TASK OBJECTIVE:
Return the listing that follows, word for word.

------ RECORDS SHOWN

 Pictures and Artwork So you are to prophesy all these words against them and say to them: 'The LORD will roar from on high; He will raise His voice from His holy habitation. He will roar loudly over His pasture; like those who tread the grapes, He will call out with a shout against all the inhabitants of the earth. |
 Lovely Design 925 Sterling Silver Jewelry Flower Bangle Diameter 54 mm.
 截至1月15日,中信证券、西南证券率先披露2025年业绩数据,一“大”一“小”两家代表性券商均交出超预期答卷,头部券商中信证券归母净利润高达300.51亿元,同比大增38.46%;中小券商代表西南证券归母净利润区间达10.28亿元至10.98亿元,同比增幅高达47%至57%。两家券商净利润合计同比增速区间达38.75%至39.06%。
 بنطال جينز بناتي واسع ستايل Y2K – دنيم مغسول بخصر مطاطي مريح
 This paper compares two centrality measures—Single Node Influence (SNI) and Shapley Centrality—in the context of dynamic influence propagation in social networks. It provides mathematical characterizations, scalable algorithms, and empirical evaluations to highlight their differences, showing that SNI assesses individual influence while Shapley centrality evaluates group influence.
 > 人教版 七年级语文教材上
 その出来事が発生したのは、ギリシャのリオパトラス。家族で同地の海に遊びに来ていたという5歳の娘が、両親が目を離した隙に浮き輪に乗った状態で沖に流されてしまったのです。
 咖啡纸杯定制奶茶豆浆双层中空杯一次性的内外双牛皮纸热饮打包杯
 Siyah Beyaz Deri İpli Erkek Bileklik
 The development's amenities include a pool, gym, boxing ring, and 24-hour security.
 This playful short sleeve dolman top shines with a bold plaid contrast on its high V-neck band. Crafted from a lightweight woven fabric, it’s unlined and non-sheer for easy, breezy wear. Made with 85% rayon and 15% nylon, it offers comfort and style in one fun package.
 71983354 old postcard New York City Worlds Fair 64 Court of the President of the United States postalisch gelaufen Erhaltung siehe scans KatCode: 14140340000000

------------

ANSWER TO THIS TASK:
 Pictures and Artwork So you are to prophesy all these words against them and say to them: 'The LORD will roar from on high; He will raise His voice from His holy habitation. He will roar loudly over His pasture; like those who tread the grapes, He will call out with a shout against all the inhabitants of the earth. |
 Lovely Design 925 Sterling Silver Jewelry Flower Bangle Diameter 54 mm.
 截至1月15日,中信证券、西南证券率先披露2025年业绩数据,一“大”一“小”两家代表性券商均交出超预期答卷,头部券商中信证券归母净利润高达300.51亿元,同比大增38.46%;中小券商代表西南证券归母净利润区间达10.28亿元至10.98亿元,同比增幅高达47%至57%。两家券商净利润合计同比增速区间达38.75%至39.06%。
 بنطال جينز بناتي واسع ستايل Y2K – دنيم مغسول بخصر مطاطي مريح
 This paper compares two centrality measures—Single Node Influence (SNI) and Shapley Centrality—in the context of dynamic influence propagation in social networks. It provides mathematical characterizations, scalable algorithms, and empirical evaluations to highlight their differences, showing that SNI assesses individual influence while Shapley centrality evaluates group influence.
 > 人教版 七年级语文教材上
 その出来事が発生したのは、ギリシャのリオパトラス。家族で同地の海に遊びに来ていたという5歳の娘が、両親が目を離した隙に浮き輪に乗った状態で沖に流されてしまったのです。
 咖啡纸杯定制奶茶豆浆双层中空杯一次性的内外双牛皮纸热饮打包杯
 Siyah Beyaz Deri İpli Erkek Bileklik
 The development's amenities include a pool, gym, boxing ring, and 24-hour security.
 This playful short sleeve dolman top shines with a bold plaid contrast on its high V-neck band. Crafted from a lightweight woven fabric, it’s unlined and non-sheer for easy, breezy wear. Made with 85% rayon and 15% nylon, it offers comfort and style in one fun package.
 71983354 old postcard New York City Worlds Fair 64 Court of the President of the United States postalisch gelaufen Erhaltung siehe scans KatCode: 14140340000000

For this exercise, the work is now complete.